* _DATA IN THIS EXERCISE_:

- Opening Delimiter -

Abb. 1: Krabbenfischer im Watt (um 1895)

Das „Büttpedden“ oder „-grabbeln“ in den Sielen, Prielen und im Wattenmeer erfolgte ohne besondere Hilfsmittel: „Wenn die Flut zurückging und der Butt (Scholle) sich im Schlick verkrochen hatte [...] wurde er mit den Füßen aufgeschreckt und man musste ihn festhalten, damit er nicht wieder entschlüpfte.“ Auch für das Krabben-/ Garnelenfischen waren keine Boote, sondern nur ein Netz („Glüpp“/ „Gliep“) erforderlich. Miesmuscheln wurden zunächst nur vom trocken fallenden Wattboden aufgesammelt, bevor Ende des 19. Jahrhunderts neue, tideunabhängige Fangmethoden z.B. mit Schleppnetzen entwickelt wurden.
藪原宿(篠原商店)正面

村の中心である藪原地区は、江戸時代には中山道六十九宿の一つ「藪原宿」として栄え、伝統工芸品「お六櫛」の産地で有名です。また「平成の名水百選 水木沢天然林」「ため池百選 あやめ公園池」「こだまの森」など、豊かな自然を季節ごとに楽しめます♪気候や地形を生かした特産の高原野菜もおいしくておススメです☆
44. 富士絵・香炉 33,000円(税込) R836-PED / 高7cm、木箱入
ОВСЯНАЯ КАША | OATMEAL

- Closing Delimiter -
- Opening Delimiter -

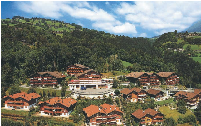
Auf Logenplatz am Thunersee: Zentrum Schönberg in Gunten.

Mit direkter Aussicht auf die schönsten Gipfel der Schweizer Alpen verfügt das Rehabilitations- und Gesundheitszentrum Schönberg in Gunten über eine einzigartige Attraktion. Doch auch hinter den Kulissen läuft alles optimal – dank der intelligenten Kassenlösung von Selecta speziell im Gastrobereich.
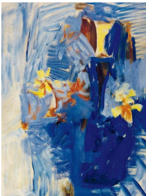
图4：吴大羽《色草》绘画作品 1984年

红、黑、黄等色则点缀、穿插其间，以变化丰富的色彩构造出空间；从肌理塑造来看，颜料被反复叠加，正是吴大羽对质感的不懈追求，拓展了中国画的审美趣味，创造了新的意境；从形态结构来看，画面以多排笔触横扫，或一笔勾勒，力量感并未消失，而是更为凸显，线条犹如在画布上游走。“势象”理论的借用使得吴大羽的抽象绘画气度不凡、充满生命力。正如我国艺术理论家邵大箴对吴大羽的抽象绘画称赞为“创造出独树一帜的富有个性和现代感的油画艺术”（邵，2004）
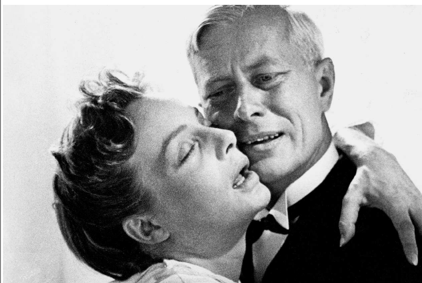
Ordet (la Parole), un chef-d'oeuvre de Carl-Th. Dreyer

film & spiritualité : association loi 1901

- Closing Delimiter -
- Opening Delimiter -

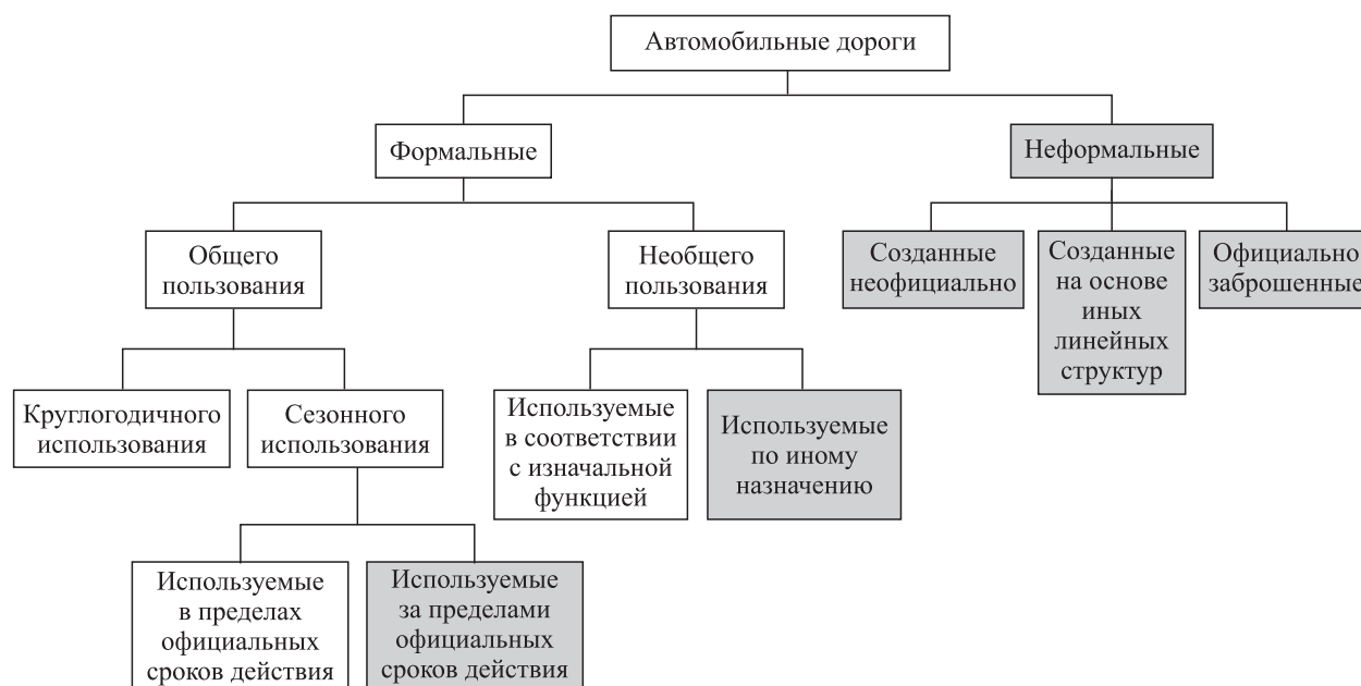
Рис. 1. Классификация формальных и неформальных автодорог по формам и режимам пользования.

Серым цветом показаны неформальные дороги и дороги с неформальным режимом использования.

- Closing Delimiter -

* _EXERCISE_: Find where the line with "藪原宿(篠原商店)正面" sits in the material above, then copy exactly from it through the line with "ОВСЯНАЯ КАША | OATMEAL". Add no other line.

* _RESULT FOR THIS TASK_:
藪原宿(篠原商店)正面

村の中心である藪原地区は、江戸時代には中山道六十九宿の一つ「藪原宿」として栄え、伝統工芸品「お六櫛」の産地で有名です。また「平成の名水百選 水木沢天然林」「ため池百選 あやめ公園池」「こだまの森」など、豊かな自然を季節ごとに楽しめます♪気候や地形を生かした特産の高原野菜もおいしくておススメです☆
44. 富士絵・香炉 33,000円(税込) R836-PED / 高7cm、木箱入
ОВСЯНАЯ КАША | OATMEAL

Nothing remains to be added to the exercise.